Available data:

[Start of section]

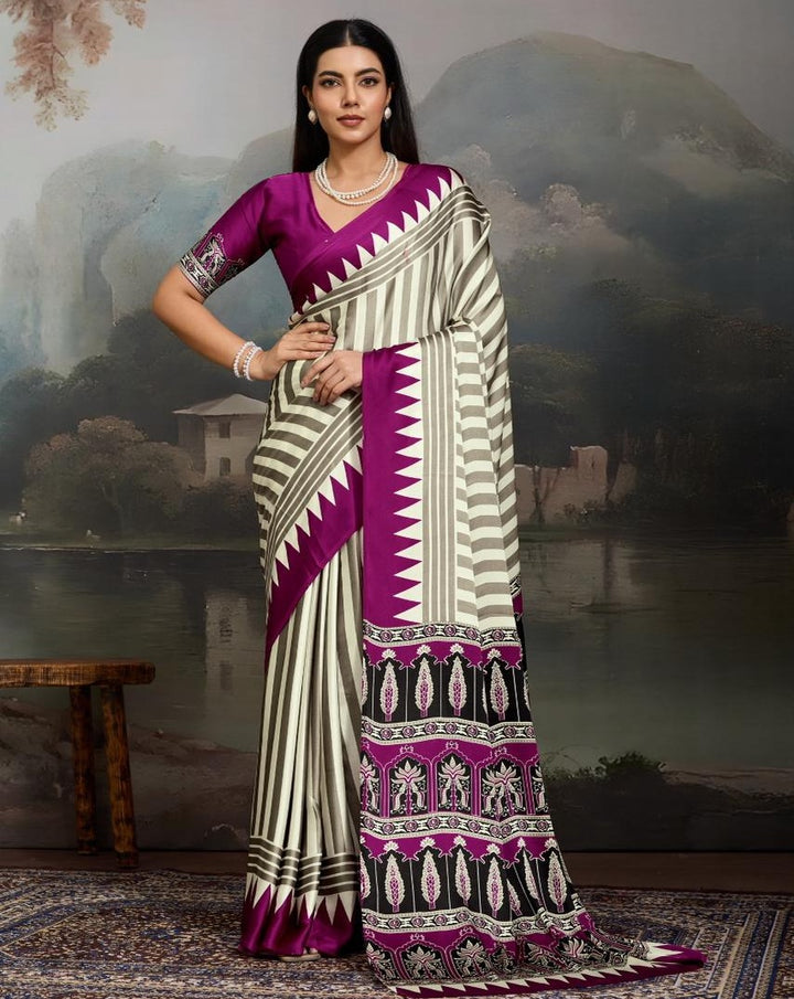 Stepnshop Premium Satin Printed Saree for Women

[End of section]
[Start of section]

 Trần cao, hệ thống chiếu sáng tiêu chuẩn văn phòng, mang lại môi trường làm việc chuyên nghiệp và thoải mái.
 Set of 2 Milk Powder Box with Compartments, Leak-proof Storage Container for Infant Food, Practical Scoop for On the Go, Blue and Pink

[End of section]
[Start of section]

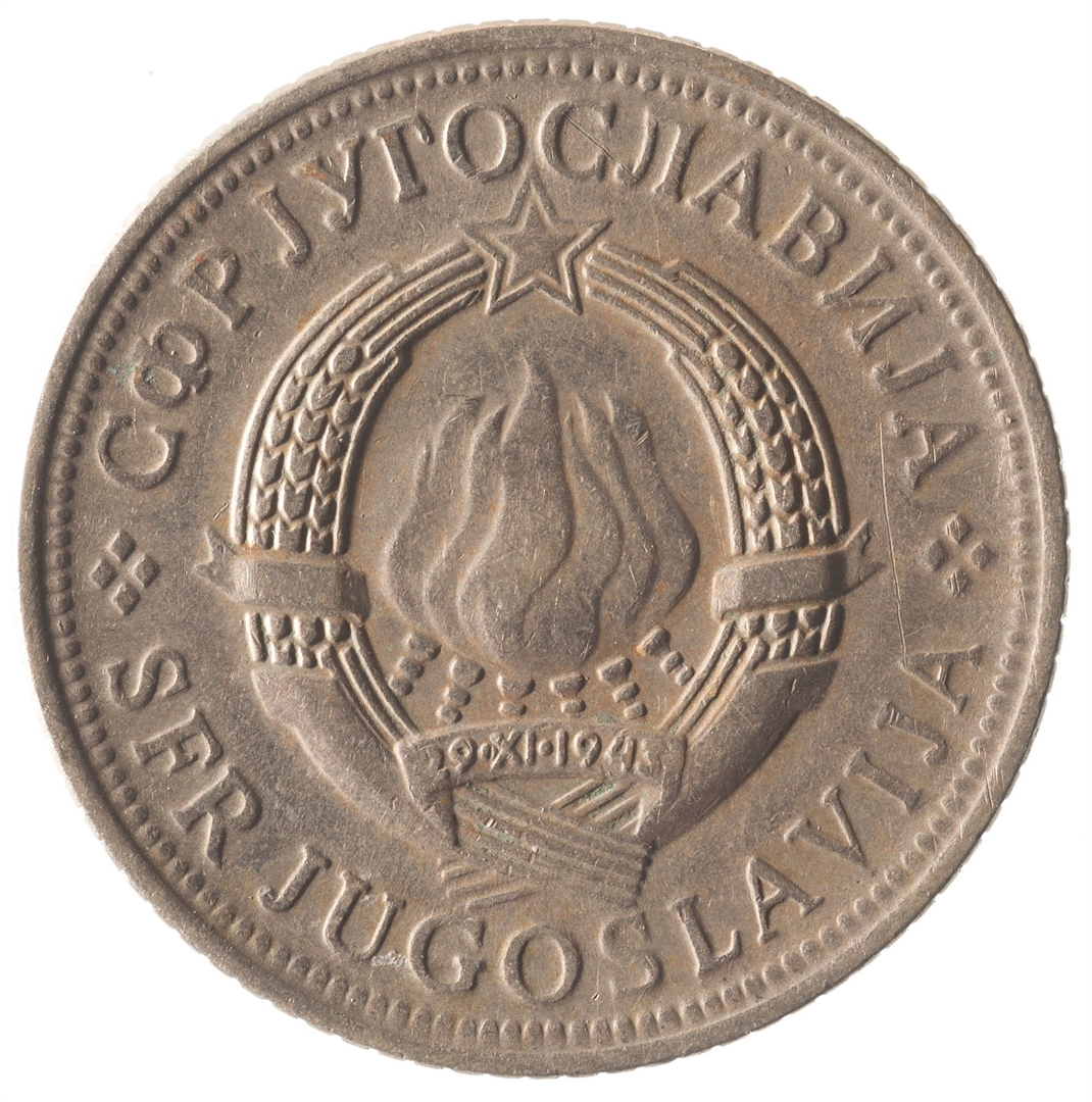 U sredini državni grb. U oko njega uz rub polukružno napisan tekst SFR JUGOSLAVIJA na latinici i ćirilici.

[End of section]

What is needed: Within the material above, the line with "Trần cao, hệ" opens the range and the line with "Set of 2 Milk" closes it; reproduce that range word for word.

Output below:
 Trần cao, hệ thống chiếu sáng tiêu chuẩn văn phòng, mang lại môi trường làm việc chuyên nghiệp và thoải mái.
 Set of 2 Milk Powder Box with Compartments, Leak-proof Storage Container for Infant Food, Practical Scoop for On the Go, Blue and Pink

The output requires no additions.